The precise quote from Gechev's post stuck with me: "There's no way to know if they actually work. You write a text file, hand it to an agent, and hope for the best."

That is an accurate description of most skill management I have seen, including my own.

The insidious part is what he calls silent degradation. A small change, rewording a step, reordering instructions, removing a command that you thought was redundant, can break the agent's behavior without any obvious signal. The agent still runs. It still produces output. The output just stops following the skill reliably. You only find out when someone notices that the agent is not doing what it is supposed to do, which is often a long time after the change.

This is the same failure mode that drove the adoption of unit tests for code. Code changes break things silently all the time. The solution was not to be more careful about making changes. It was to build automated verification that runs every time you make a change, tells you immediately whether something broke, and gives you a number you can track over time.

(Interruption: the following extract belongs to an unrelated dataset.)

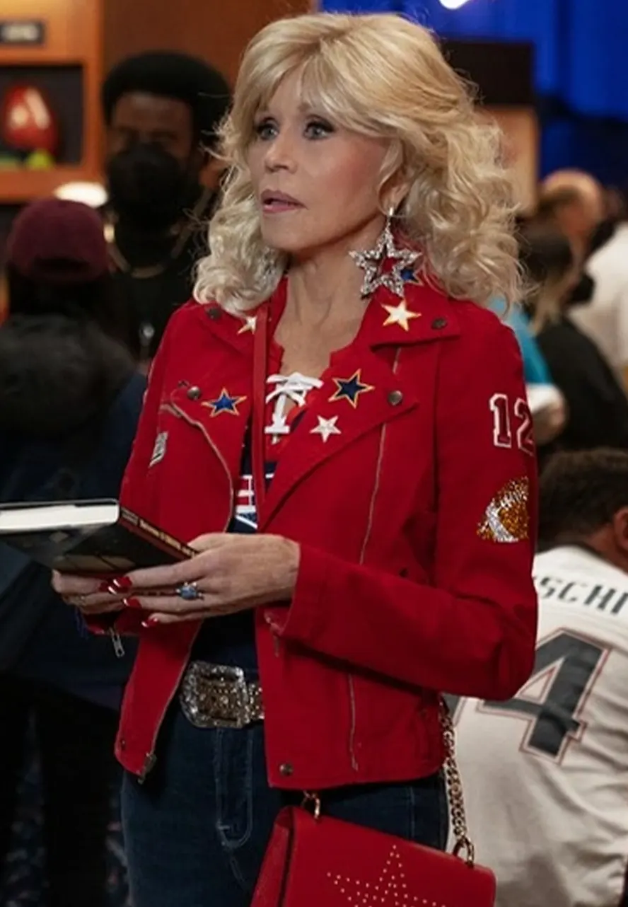 It’s About Time to Give Yourself a Classy Look With the Good Touch of Modern Style Just by Wearing the 80 for Brady Jane Fonda Jacket. Its Top-quality Cotton Makes It Warm and Luxuriant and Its Soft Viscose Inner Will Comfy You as Long as You Wear It. The Vibrant Red Color Makes It Enchanting. The Jane Fonda Cotton Jacket Has Been Designed by Using Features Like Lapel Style Collar, Zippered Closure, Side Waist Pockets, and Zippered Cuffs. Now Cast a Spell on All Around You Just by Wearing the 80’s Jane Fonda Costume.

Skills need the same thing. They are procedural instructions that govern agent behavior. They have inputs, expected outputs, and edge cases. They should have tests.

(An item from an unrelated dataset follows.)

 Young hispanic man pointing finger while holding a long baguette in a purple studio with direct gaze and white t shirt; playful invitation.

What Skill Evaluation Actually Looks Like#

Skill Eval is a TypeScript framework that runs your agent against a defined task inside a Docker environment and scores the result on a scale from 0.0 to 1.0.

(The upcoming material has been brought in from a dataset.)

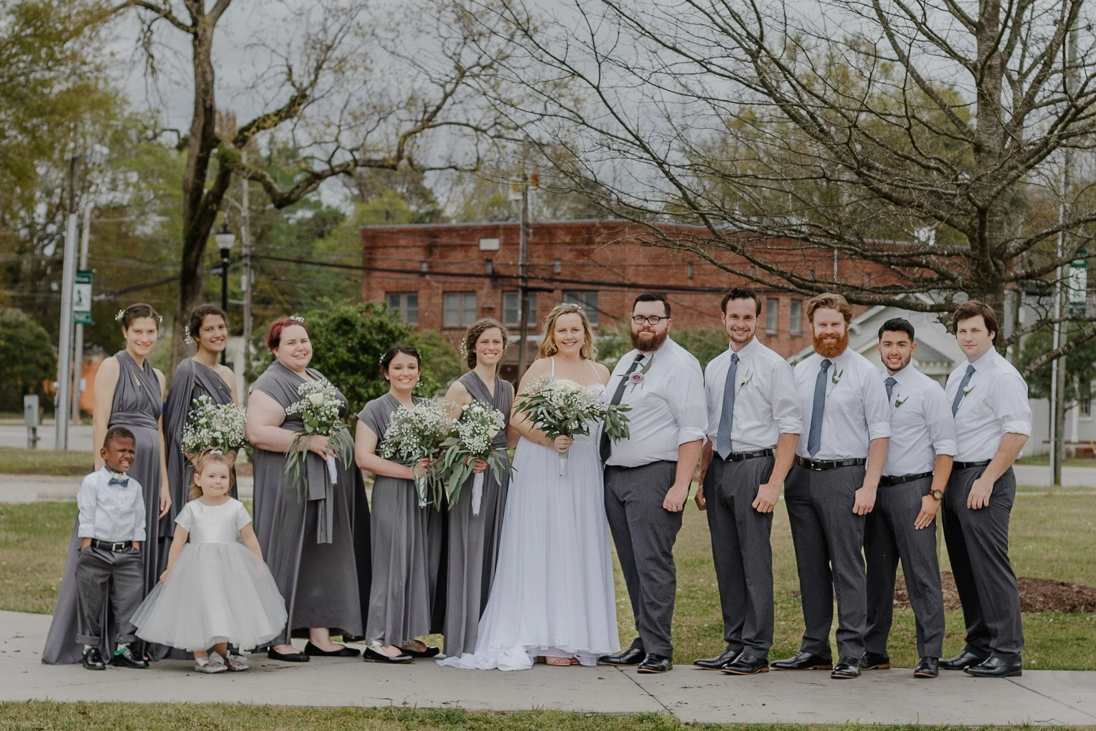 Wedding party posing outdoors in formal attire with bridesmaids in gray dresses and groomsmen in white shirts and gray pants; bride and groom at center.

Here is what an actual run looks like from Gechev's post:

code-highlight

superlint_demo | agent=gemini provider=docker trials=5

Trial 1/5 ▸ reward=1.00 (55.0s, 2 cmds, ~716 tokens)
Trial 2/5 ▸ reward=0.91 (33.1s, 2 cmds, ~798 tokens)
Trial 3/5 ▸ reward=0.70 (46.8s, 2 cmds, ~798 tokens)
Trial 4/5 ▸ reward=0.70 (40.5s, 2 cmds, ~648 tokens)
Trial 5/5 ▸ reward=0.70 (48.4s, 2 cmds, ~650 tokens)

Pass Rate: 80.2% | pass@5: 100.0% | pass^5: 100.0%
Avg Duration: 44.8s | Avg Commands: 2.0 | Total Tokens: ~3610

A few things stand out immediately. The rewards vary across trials for the same task: 1.00, 0.91, 0.70, 0.70, 0.70. This is not a bug. This is the nondeterminism of LLM-based agents showing up in your evaluation data, which is exactly where you want to see it rather than discovering it in production.

Each task lives in a directory that contains everything needed to evaluate it:

code-highlight

tasks/my_task/
├── task.toml           # Timeouts, graders, resource limits
├── instruction.md      # What the agent should do
├── environment/Dockerfile
├── tests/test.sh       # Deterministic grader
├── prompts/quality.md  # LLM rubric grader
├── solution/solve.sh   # Reference solution
└── skills/my_skill/
    └── SKILL.md

The Docker environment matters more than it might appear. It means the evaluation runs in an isolated, reproducible environment every time. The same task, the same starting conditions, different trials to capture the variance. This is how you separate genuine skill degradation from noise.

Two Kinds of Correct: Deterministic and LLM Graders#

The grading system is where the design gets interesting. Skill Eval supports two types of graders, and the distinction captures something real about what correctness means for agent tasks.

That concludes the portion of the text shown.